§ TASK DIRECTIONS
Output every record verbatim, and omit each picture.

§ MATERIAL FOR THE TASK
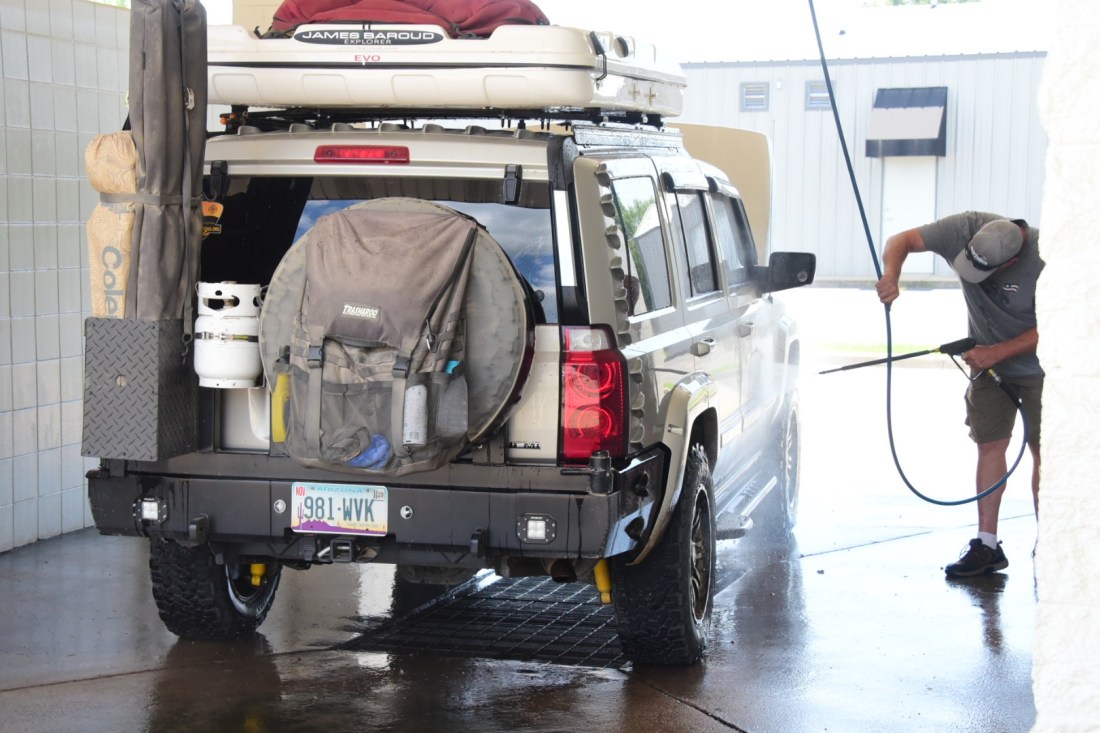 Due to the heavy load and constant pounding of the trail, Tinshanty’s rear coil springs were becoming increasingly fatigued and bottoming out. The Jeep Commander had recently undergone the major overhaul and the Old Man Emu rear coil springs selected just weren’t up to the task. As we were getting near Tulsa, the decision was made to leave the group early the next morning to try find a better solution. Perhaps some air bags. Google found Midwest Expedition Outfitters (MEO). We spoke to Freddie at the shop who said come on in and we’ll figure out the best solution. They’re overlanders just like us! We’ll be leaving for Tulsa when we break camp tomorrow morning. Fingers crossed.
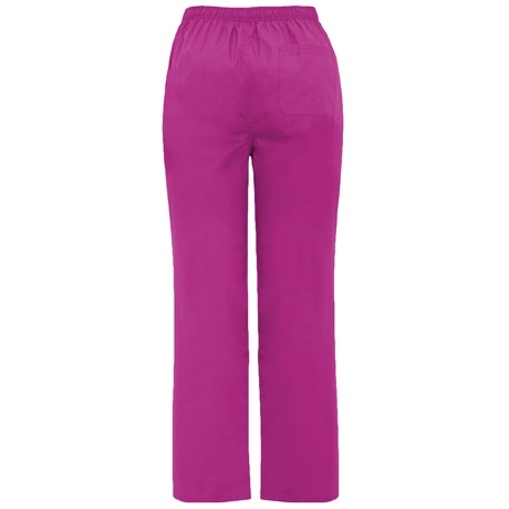 Long unisex trousers. Straight leg cut. Waist with elastic fastened with a button and zipper. Back pocket.
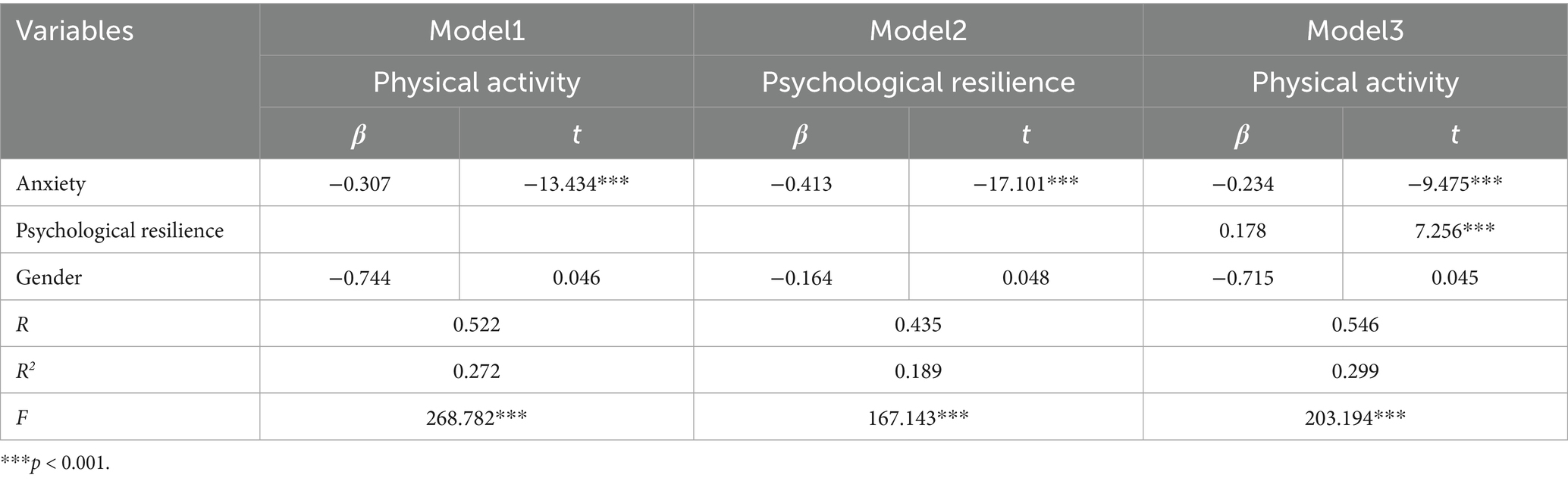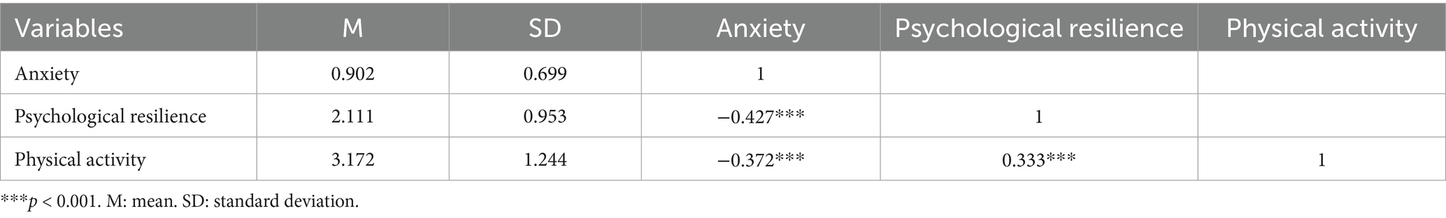 Anxiety demonstrated a statistically significant negative correlation with psychological resilience, and a statistically significant inverse relationship was observed with levels of physical activity. Additionally, psychological resilience was significantly positively correlated with physical activity (Table 2).
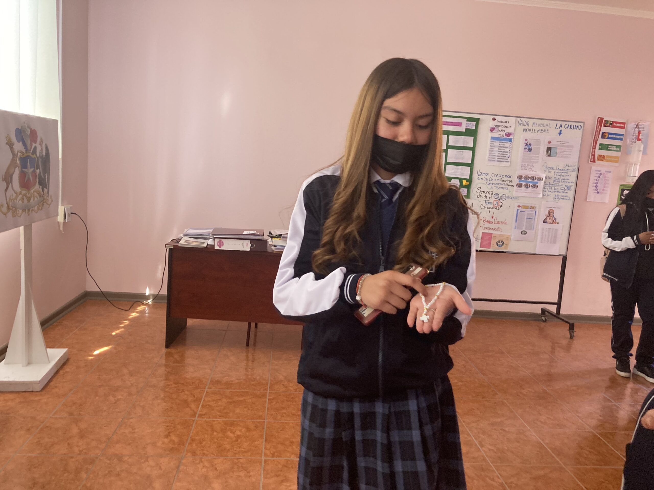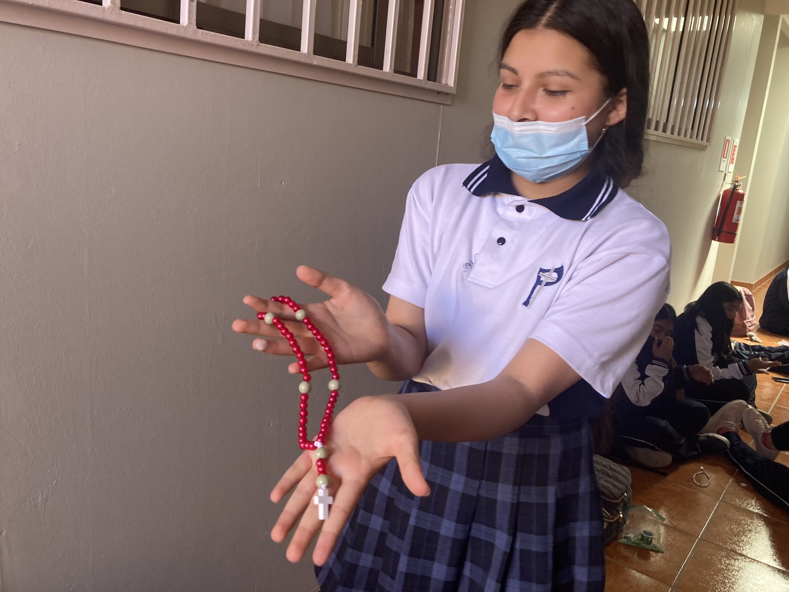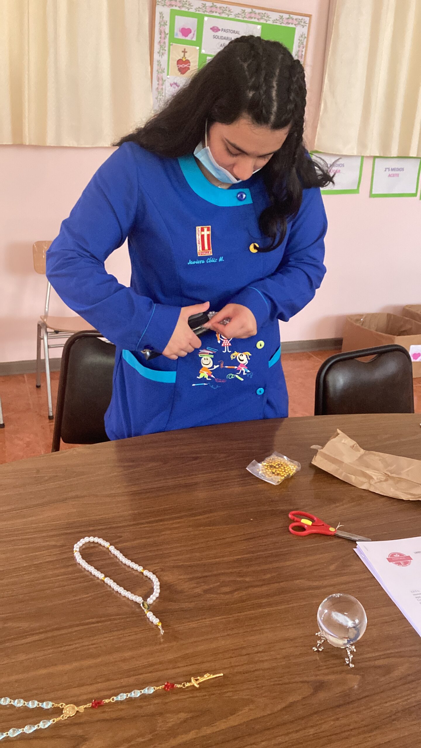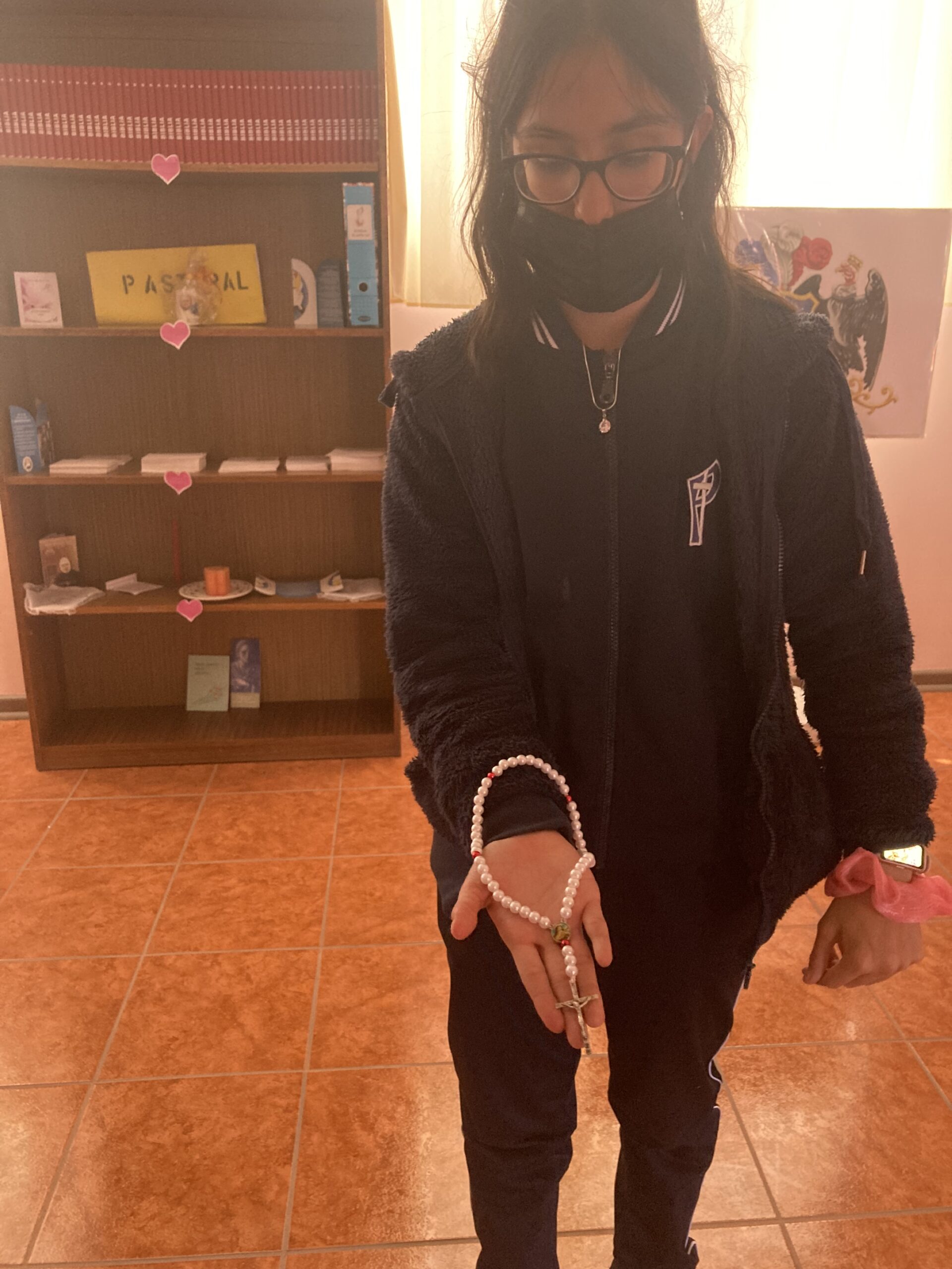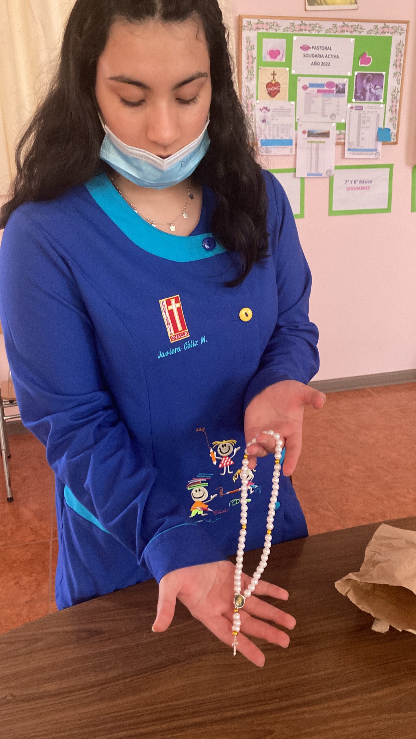 Anteriormente y como parte del término del temario anual de Catequesis, las estudiantes y funcionarias elaboraron con creatividad y cariño sus Santos Rosario, considerando como la oración perfecta porque junto a el está aunada la majestuosa historia de nuestra salvación.
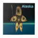 A brown-toned fractal image suggesting a highly-stylized Inuit hunter, wearing traditional fur clothing, holding a harpoon with an ivory head. The image is superimposed on a background depicting the dark polar winter. Text reading "Alaska" appears in glowing blue and white.
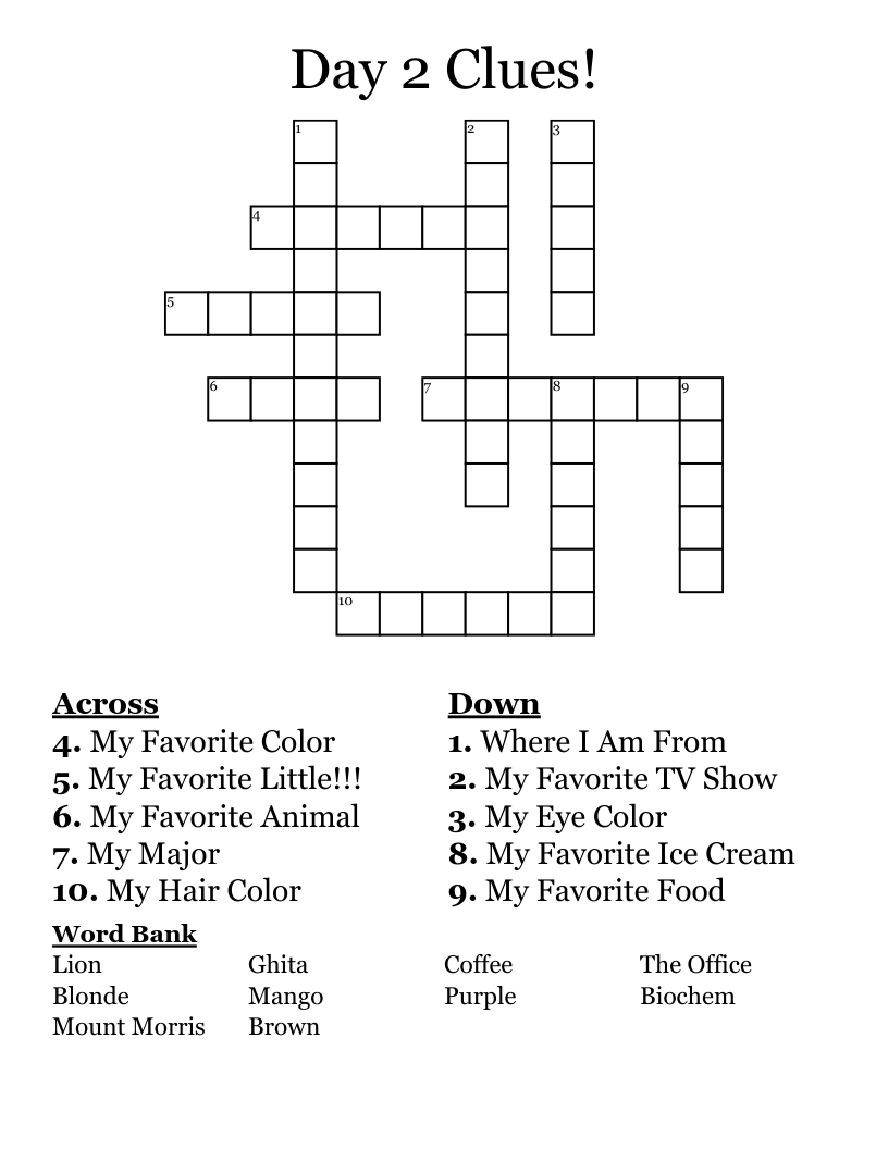 Day 2 Clues! Crossword WordMint
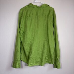 Chaus Button Up Long Sleeve Sz 16 Green Lightweight Lagenlook Resort 100% Linen
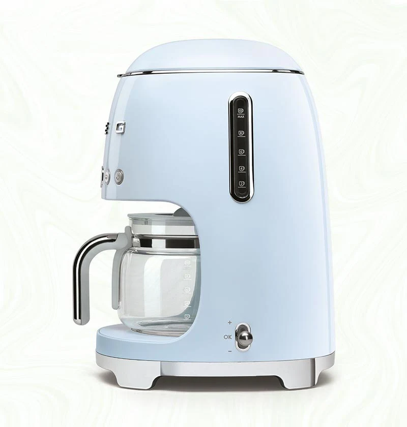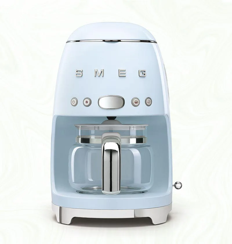 ویژگی های دستگاه قهوه ساز آبی پاستیلی اسمگ مدل DCF02PBEU قطره‌ای براق و مات

§ EXERCISE RESULT
 Due to the heavy load and constant pounding of the trail, Tinshanty’s rear coil springs were becoming increasingly fatigued and bottoming out. The Jeep Commander had recently undergone the major overhaul and the Old Man Emu rear coil springs selected just weren’t up to the task. As we were getting near Tulsa, the decision was made to leave the group early the next morning to try find a better solution. Perhaps some air bags. Google found Midwest Expedition Outfitters (MEO). We spoke to Freddie at the shop who said come on in and we’ll figure out the best solution. They’re overlanders just like us! We’ll be leaving for Tulsa when we break camp tomorrow morning. Fingers crossed.
 Long unisex trousers. Straight leg cut. Waist with elastic fastened with a button and zipper. Back pocket.
 Anxiety demonstrated a statistically significant negative correlation with psychological resilience, and a statistically significant inverse relationship was observed with levels of physical activity. Additionally, psychological resilience was significantly positively correlated with physical activity (Table 2).
 Anteriormente y como parte del término del temario anual de Catequesis, las estudiantes y funcionarias elaboraron con creatividad y cariño sus Santos Rosario, considerando como la oración perfecta porque junto a el está aunada la majestuosa historia de nuestra salvación.
 A brown-toned fractal image suggesting a highly-stylized Inuit hunter, wearing traditional fur clothing, holding a harpoon with an ivory head. The image is superimposed on a background depicting the dark polar winter. Text reading "Alaska" appears in glowing blue and white.
 Day 2 Clues! Crossword WordMint
 Chaus Button Up Long Sleeve Sz 16 Green Lightweight Lagenlook Resort 100% Linen
 ویژگی های دستگاه قهوه ساز آبی پاستیلی اسمگ مدل DCF02PBEU قطره‌ای براق و مات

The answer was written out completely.